Problem:
Images should be omitted while the rest of the data is duplicated exactly.
*** Opening Dataset section ***
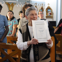 Irmã Iriete Ignez Lorenzzetti, nossa Ministra Geral, agraciou-nos com suas palavras. Convidou-nos a agir como Maria, cuidar umas das outras, ouvir a voz de Deus e, com passo firme, nos colocarmos entre os mais necessitados. Concluiu agradecendo às inúmeras irmãs que viveram nessa casa e contribuíram “alimentando o espírito e confortando o físico”.
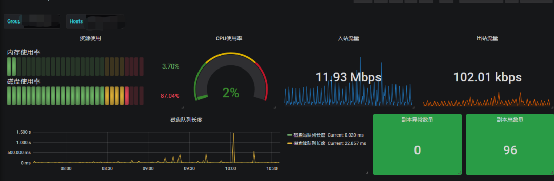 接入Grafana之后的监控页面可以定制化为下图。
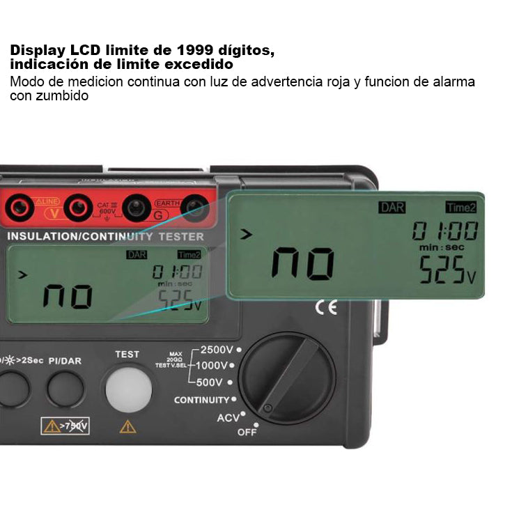 * Alarma luminosa y sónica de voltaje peligroso.
*** Closing Dataset section ***
Solution for this exercise:
 Irmã Iriete Ignez Lorenzzetti, nossa Ministra Geral, agraciou-nos com suas palavras. Convidou-nos a agir como Maria, cuidar umas das outras, ouvir a voz de Deus e, com passo firme, nos colocarmos entre os mais necessitados. Concluiu agradecendo às inúmeras irmãs que viveram nessa casa e contribuíram “alimentando o espírito e confortando o físico”.
 接入Grafana之后的监控页面可以定制化为下图。
 * Alarma luminosa y sónica de voltaje peligroso.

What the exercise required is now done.